Pig Working Model, source: Internet

Pig Execution Modes

  • Local Mode – All the files are installed and run from your localhost and local file system. There is no need for Hadoop or HDFS. This mode is generally used for testing purposes.
  •  MapReduce Mode – MapReduce mode is where we load or process the data that exists in the (HDFS) using Apache Pig. In this mode, whenever we execute the Pig Latin statements to process the data, a MapReduce job is invoked in the back-end to perform a particular operation on the data that exists in the HDFS.

Pig Execution Mechanism

  • Interactive Mode (Grunt shell)− You can run Apache Pig in interactive mode using the Grunt shell. In this shell, you can enter the Pig Latin statements and get the output (using the Dump operator).
  • Batch Mode (Script) − You can run Apache Pig in Batch mode by writing the Pig Latin script in a single file with the .pig extension.
  • Embedded Mode (UDF) −Apache Pig provides the provision of defining our own functions (User Defined Functions) in programming languages such as Java and using them in our script.
  • Parser – Initially the Pig Scripts are handled by the Parser. It checks the syntax of the script, does type checking, and does other miscellaneous checks. The output of the parser will be a DAG (directed acyclic graph), which represents the Pig Latin statements and logical operators.
  • Optimizer – The logical plan (DAG) is passed to the logical optimizer, which carries out the logical optimizations such as projection and pushdown.
  • Compiler – The compiler compiles the optimized logical plan into a series of MapReduce jobs.
  • Execution engine – Finally, the MapReduce jobs are submitted to Hadoop in sorted order. Finally, these MapReduce jobs are executed on Hadoop producing the desired results.
Pig Architecture (sources: Internet)

Installing and Running Pig

  • Pig runs as a client-side application. Even if you want to run Pig on a Hadoop cluster, there is nothing extra to install on the cluster: Pig launches jobs and interacts withHDFS (or other Hadoop filesystems) from your workstation.
  • Installation is straightforward. Java 6 is a prerequisite (and on Windows, you will need Cygwin). Download a stable release from http://pig.apache.org/releases.html, and unpack it in a suitable place on your workstation.

Demo

In the demo we are going to use the IPL dataset, I have shared the dataset link also. This is my favorite dataset as it is simple to understand and a variety of analyses are possible on this dataset. Currently, the data is from the 2008 to 2016 season. On the shared link, you can find out the latest dataset also.

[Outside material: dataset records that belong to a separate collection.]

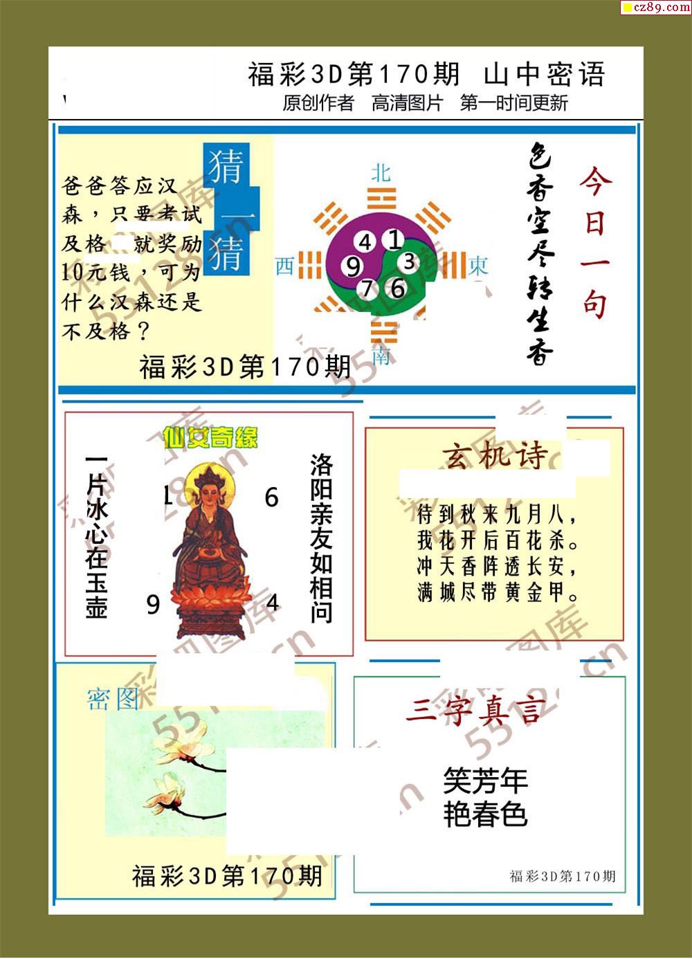 福彩3d19年170期山中密语彩报
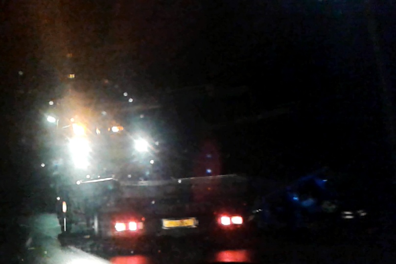 Az egyik - kevésbé összetört - autót kevéssel fél kilenc előtt szállította el egy tréler. A másik - felismerhetetlenségig roncsolódott autó kiemelése ezután kezdődött meg. A képeken ez látható. Az egyiknek a jobb oldalán látható egy kék folt a tréler mellett, az a roncs. Nehéz elképzelni, hogy valaki túlélte benne a balesetet - írja olvasónk.
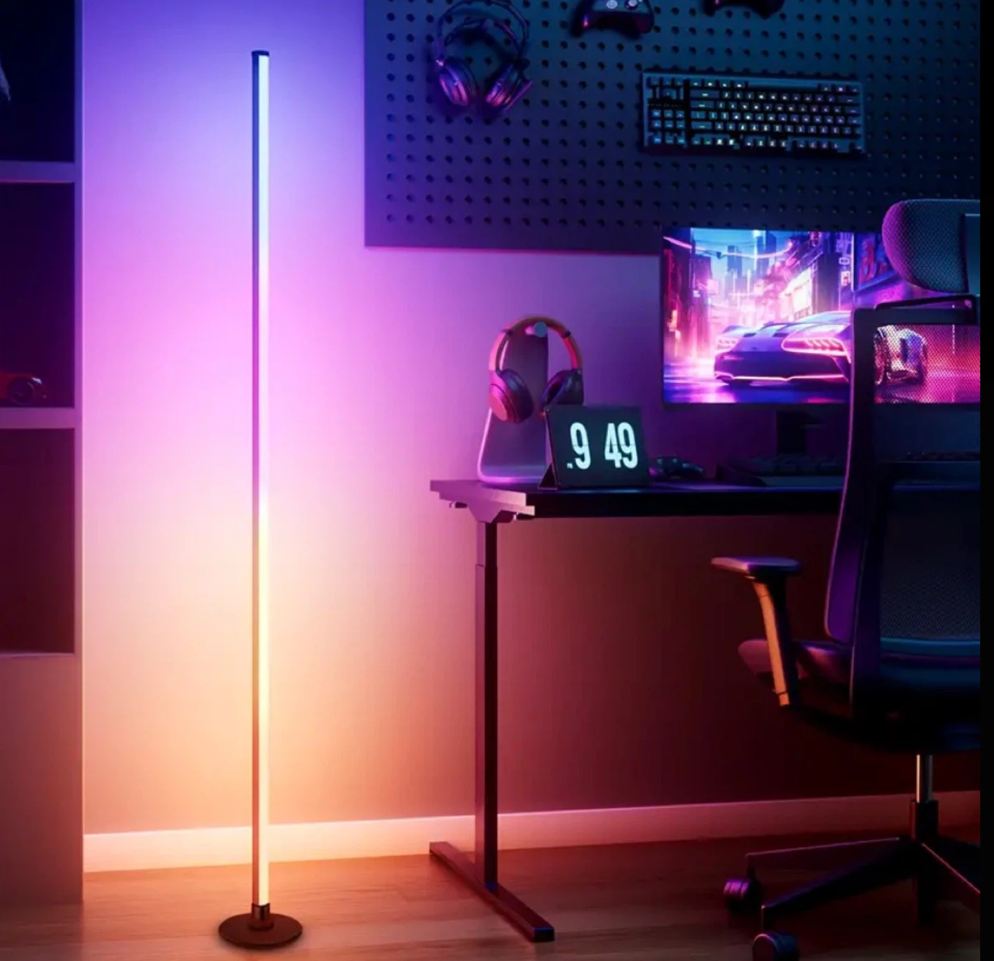 Add a modern touch to your space with this LED corner floor lamp! It's perfect for creating a cool ambience with its colour-changing capabilities. The remote control makes it super easy to use and adjust the lighting to suit any mood.
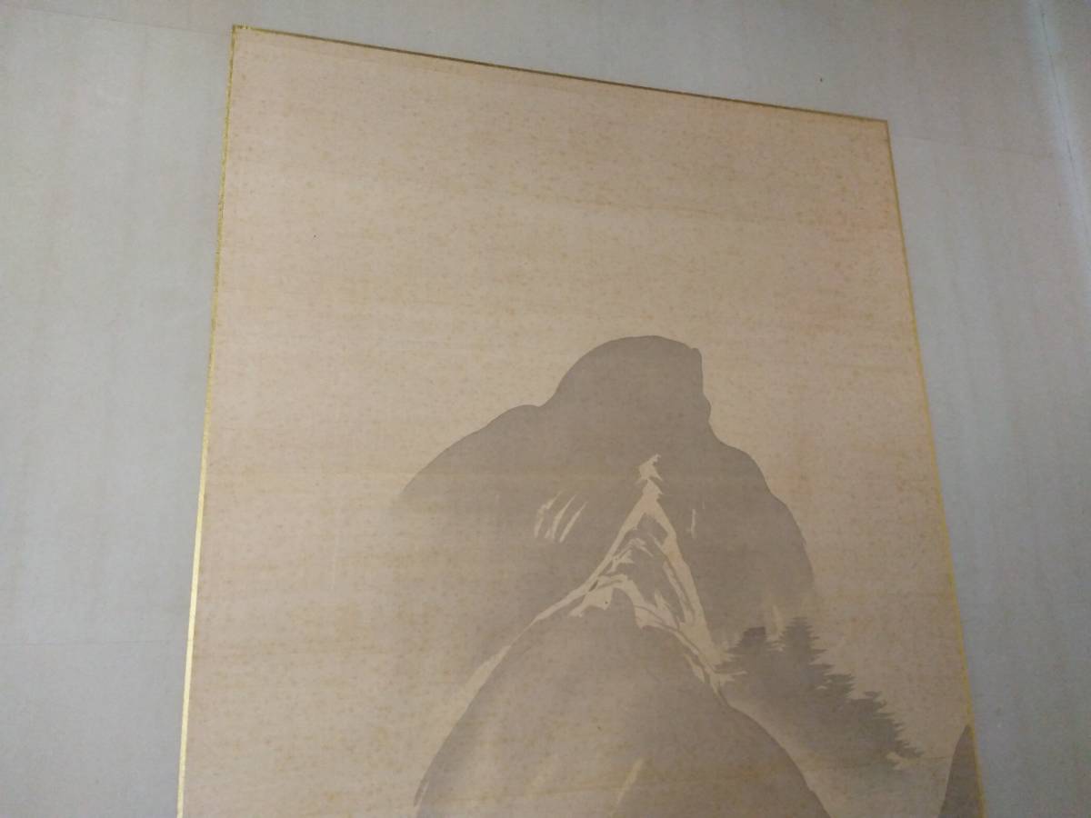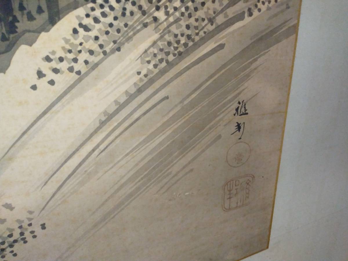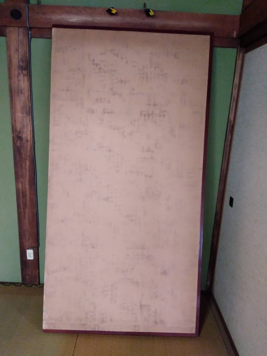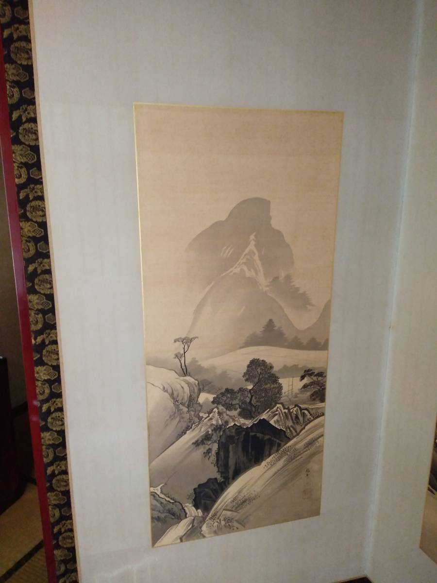引取限定!紙本 肉筆 2枚折屏風 橋本雅邦筆(東京)です。古い物ですので、シミ、表装にすれ傷等ございます。古い物とご理解の上でお願いします。全体のサイズは幅約186センチ、高さ約96センチです。素人採寸ですので、多少の誤差はお許し下さい。
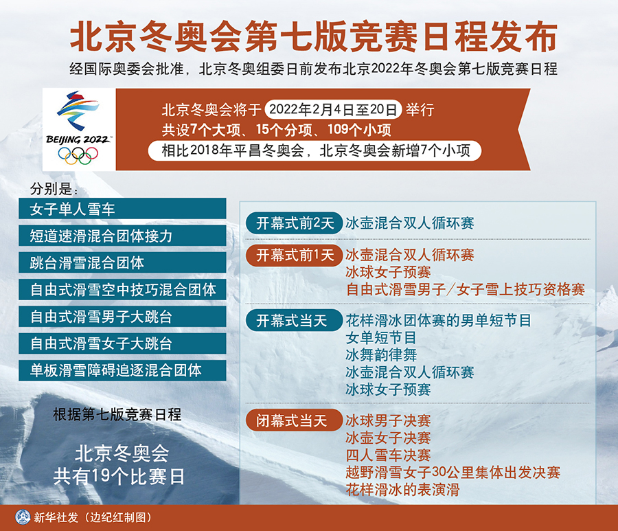 新華社北京11月18日電(記者姬燁、王夢、汪涌)經國際奧委會批準,北京冬奧組委日前發布北京2022年冬奧會第七版競賽日程。隨著籌備工作的深入,北京冬奧會競賽日程仍可能調整。
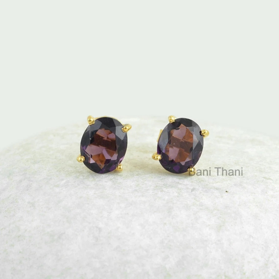 Prong Stud Earring-Purple Amethyst Quartz 8x10mm Oval Stud Gemstone Earrings-Gold Plated 925 Sterling Silver Jewelry-Christmas Gift Earrings
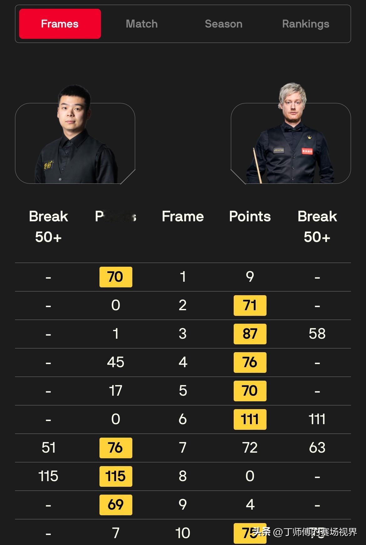 罗伯逊击败庞俊旭赛后接受采访时表示对中国小将的赞叹:“当我5-1领先的时候基本上无懈可击,但比赛就是这样,什么事情都会发生,他(庞俊旭)无路可退之下完成了不可思议的逆转,随后又打出一杆破百,虽然我最后一杆制胜了,但他给了我很大的压力,好在我都能顶住。”“回想起2020年的决赛,当时全世界都在经历艰难的时期,能够打比赛就已经谢天谢地,由于没有了观众,现场气氛变得一片诡异,我们都很紧张,只安排了人工的按钮来鼓掌。当我打进锁定胜局的粉球时,贾德跟我说干得好,现在想起来真是疯狂。我们两个都是世界上技术最好的球手,我想至今为止我们都在比赛中向大家证实了这点。” 罗伯逊在英锦赛8强面对庞俊旭取得5-1的巨大领先且完成超分,但随后被中国小将通过一杆教科书一样的斯诺克获得自由球并完成逆转,一度追至4-5,最终凭借在第十局抓住机会涉险过关,半决赛将和特鲁姆普上演“左手大战”。
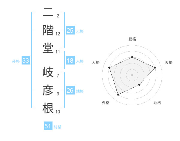 二階堂 岐彦根さんの総格は51画の3点!
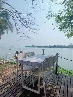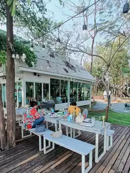 👉 A restaurant and cafe by the Chao Phraya River. The spacious area is divided into a seating area of the restaurant and a very large playground area. Suitable for families with children. There are also art activities for children to do. The shop offers food and drinks. There are both indoor and outdoor seats with a view of the Chao Phraya River.
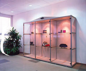 zu stellen, sondern die auszustellenden Gegenstände. Dennoch verleiht dieses Vitrinensystem Ihren Ausstellungsräumen eine ganz eigene Eleganz durch die Kombination von Glas und naturfarben-eloxiertem Aluminium. |

  • Analyze the IPL(INDIAN PREMIER LEAGUE) dataset for 10 years.
  • Find out the various stats related to the game.
  • Save the output and verify the result.
  • Software-
    • VMware Workstation 
    • IBM INFOSPHERE

VMware Workstation

IBM INFOSPHERE BIGINSIGHT

  • InfoSphere BigInsights 1.2 is a software platform designed to help firms discover and analyze business insights hidden in large volumes of a diverse range of data—data that’s often ignored or discarded because it’s too impractical or difficult to process using traditional means. 
  • Examples of such data include log records, clickstreams, social media data, news feeds, electronic sensor output, and even some transactional data. To help firms derive value from such data in an efficient manner, BigInsights incorporates several open source projects (including Apache™ Hadoop™) and a number of IBM-developed technologies.

DATA LOADING QUERIES

Dataset link – https://www.kaggle.com/datasets/patrickb1912/ipl-complete-dataset-20082020

There are two files deliveries and matches, we will be loading both of them.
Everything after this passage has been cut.